Experts believe that this media coverage can negatively inspire what is called “copy-cat” sprees, otherwise known as the media contagion effect. As some people hear about horrific events in the news, or on social media, they feel inclined to repeat the offense. This can be seen with terrorist attacks, mass shootings, and hate crimes.
But there is hope. More recently, information platforms seem to be taking extra care in the way they report their news.
“I think the media is much more aware that the reporting of certain subjects can perpetuate violence,” says Neden with optimism.
And it’s true. The perpetrators name has been used less and less in headlines. The focus has been shifted away from the assailant and to the victims. There is less “award” or “celebrity status” given to the perpetrators of violence.
Mass shootings and other violent events are still on the rise however. According to the “Gun Violence Archive,” as of November 2022 not a single week has passed without at least four mass shootings. This is our world. Despite the steps that have been taken so far to shield the innocent from the horrors of society, it is not enough.
Disturbing online communities that push brutality still exist. Video Games centered around fighting are still prevalent in young children’s minds. News platforms still report things insensitively because, as they have found, “violence sells.” With the violence and hate that the generations of today are fed since childhood, it should not be a surprise the headlines are what they are.

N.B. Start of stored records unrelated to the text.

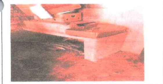
FOTO 3. SUSTITUCION DE TORTA DE CONCRETO
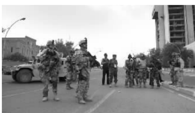
11月5日,伊拉克士兵在法庭外警戒

由伊拉克总统贾拉勒·塔拉巴尼和两名副总统组成的总统委员会批准。塔拉巴尼始终反对对伊拉克执行死刑,表示不会在死刑判决书上签字。
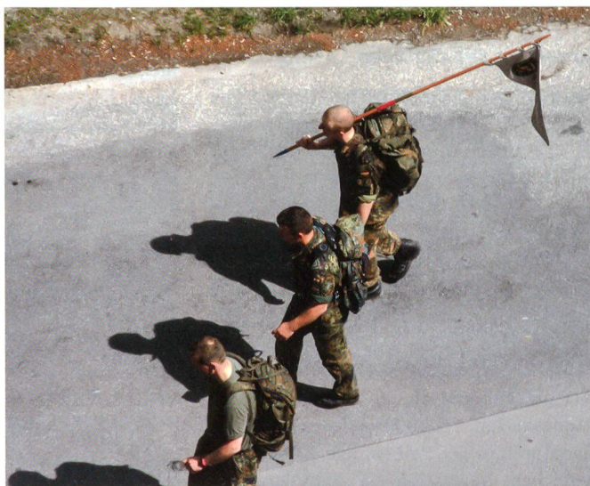
Kameraden aus Deutschland.
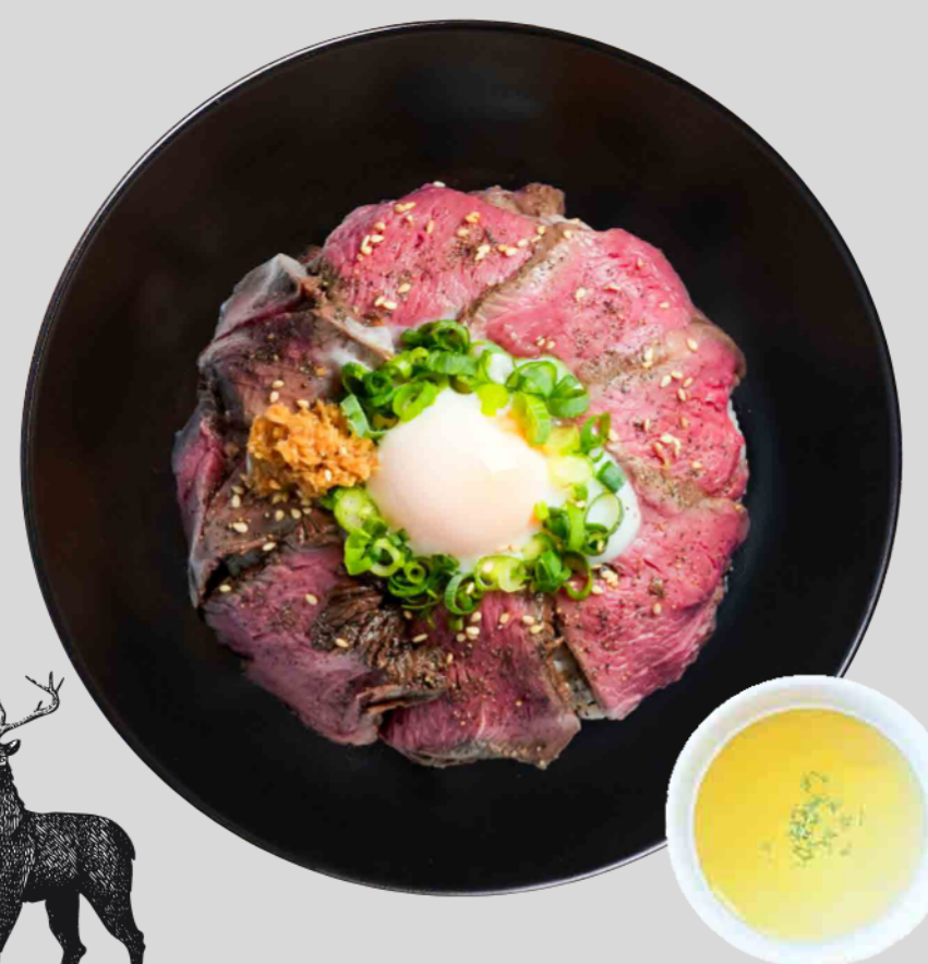
えぞ鹿丼(温玉のせ) Ezo Deer Rice Bowl (with Warm Egg) ¥1,800

柔らかく甘みのあるポロト豚をたっぷり4枚。マザーズの温玉と絡み合う甘ダレとご飯の相性も抜群。山わさびの白だし漬けを添えて。

Of course, completely eliminating social media or violent video games isn’t practical. It is a keystone in communication and entertainment in American society. But to recognise the detrimental effects this portrayal of violence can have on youths, and how it appears later on in people’s lives, that is what can really make a difference. Understanding the media we consume and the hate we witness daily can desensitize us to things that should never be normalized will hopefully help foster community and peace.
“I think that in the information age we are living in, everything you take in absolutely gets compartmentalized,” Rochetti explains. “It becomes who you are.”
Whether depiction of violence in media triggers aggression or vice versa is a chicken and egg problem, but regardless, the narrative in which news is reported, or brutality is spoken about, requires careful consideration.